- **Task instructions**: Please set down, exactly as written, the line containing "昨年12月に3年ぶりに復帰し" and every line after it through the end of the records.

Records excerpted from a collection
■ ■ ■

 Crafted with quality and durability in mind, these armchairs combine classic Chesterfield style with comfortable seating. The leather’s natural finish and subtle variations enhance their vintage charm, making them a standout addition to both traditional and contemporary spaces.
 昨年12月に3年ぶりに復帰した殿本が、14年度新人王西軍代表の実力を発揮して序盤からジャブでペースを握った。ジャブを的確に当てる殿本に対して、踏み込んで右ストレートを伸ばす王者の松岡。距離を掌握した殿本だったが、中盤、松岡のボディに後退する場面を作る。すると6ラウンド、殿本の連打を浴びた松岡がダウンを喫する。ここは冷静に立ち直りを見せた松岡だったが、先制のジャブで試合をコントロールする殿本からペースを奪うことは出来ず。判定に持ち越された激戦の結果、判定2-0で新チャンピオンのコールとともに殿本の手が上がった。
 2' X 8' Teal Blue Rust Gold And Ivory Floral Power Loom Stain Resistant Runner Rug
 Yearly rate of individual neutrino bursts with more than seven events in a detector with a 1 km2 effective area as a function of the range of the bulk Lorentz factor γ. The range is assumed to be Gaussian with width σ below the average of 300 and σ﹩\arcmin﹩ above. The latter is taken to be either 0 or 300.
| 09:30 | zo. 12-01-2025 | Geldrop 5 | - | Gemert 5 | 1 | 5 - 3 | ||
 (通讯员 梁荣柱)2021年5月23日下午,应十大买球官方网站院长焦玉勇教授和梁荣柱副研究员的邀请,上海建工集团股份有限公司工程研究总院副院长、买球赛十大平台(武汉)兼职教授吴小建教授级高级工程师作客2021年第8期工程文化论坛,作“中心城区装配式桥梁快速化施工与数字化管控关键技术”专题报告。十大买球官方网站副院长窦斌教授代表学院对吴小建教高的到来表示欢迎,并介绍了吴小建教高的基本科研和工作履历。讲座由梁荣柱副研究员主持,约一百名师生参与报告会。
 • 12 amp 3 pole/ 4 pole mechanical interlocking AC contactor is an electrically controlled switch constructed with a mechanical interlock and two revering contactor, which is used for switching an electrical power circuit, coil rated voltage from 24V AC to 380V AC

■ ■ ■

- **Output of the task**:
 昨年12月に3年ぶりに復帰した殿本が、14年度新人王西軍代表の実力を発揮して序盤からジャブでペースを握った。ジャブを的確に当てる殿本に対して、踏み込んで右ストレートを伸ばす王者の松岡。距離を掌握した殿本だったが、中盤、松岡のボディに後退する場面を作る。すると6ラウンド、殿本の連打を浴びた松岡がダウンを喫する。ここは冷静に立ち直りを見せた松岡だったが、先制のジャブで試合をコントロールする殿本からペースを奪うことは出来ず。判定に持ち越された激戦の結果、判定2-0で新チャンピオンのコールとともに殿本の手が上がった。
 2' X 8' Teal Blue Rust Gold And Ivory Floral Power Loom Stain Resistant Runner Rug
 Yearly rate of individual neutrino bursts with more than seven events in a detector with a 1 km2 effective area as a function of the range of the bulk Lorentz factor γ. The range is assumed to be Gaussian with width σ below the average of 300 and σ﹩\arcmin﹩ above. The latter is taken to be either 0 or 300.
| 09:30 | zo. 12-01-2025 | Geldrop 5 | - | Gemert 5 | 1 | 5 - 3 | ||
 (通讯员 梁荣柱)2021年5月23日下午,应十大买球官方网站院长焦玉勇教授和梁荣柱副研究员的邀请,上海建工集团股份有限公司工程研究总院副院长、买球赛十大平台(武汉)兼职教授吴小建教授级高级工程师作客2021年第8期工程文化论坛,作“中心城区装配式桥梁快速化施工与数字化管控关键技术”专题报告。十大买球官方网站副院长窦斌教授代表学院对吴小建教高的到来表示欢迎,并介绍了吴小建教高的基本科研和工作履历。讲座由梁荣柱副研究员主持,约一百名师生参与报告会。
 • 12 amp 3 pole/ 4 pole mechanical interlocking AC contactor is an electrically controlled switch constructed with a mechanical interlock and two revering contactor, which is used for switching an electrical power circuit, coil rated voltage from 24V AC to 380V AC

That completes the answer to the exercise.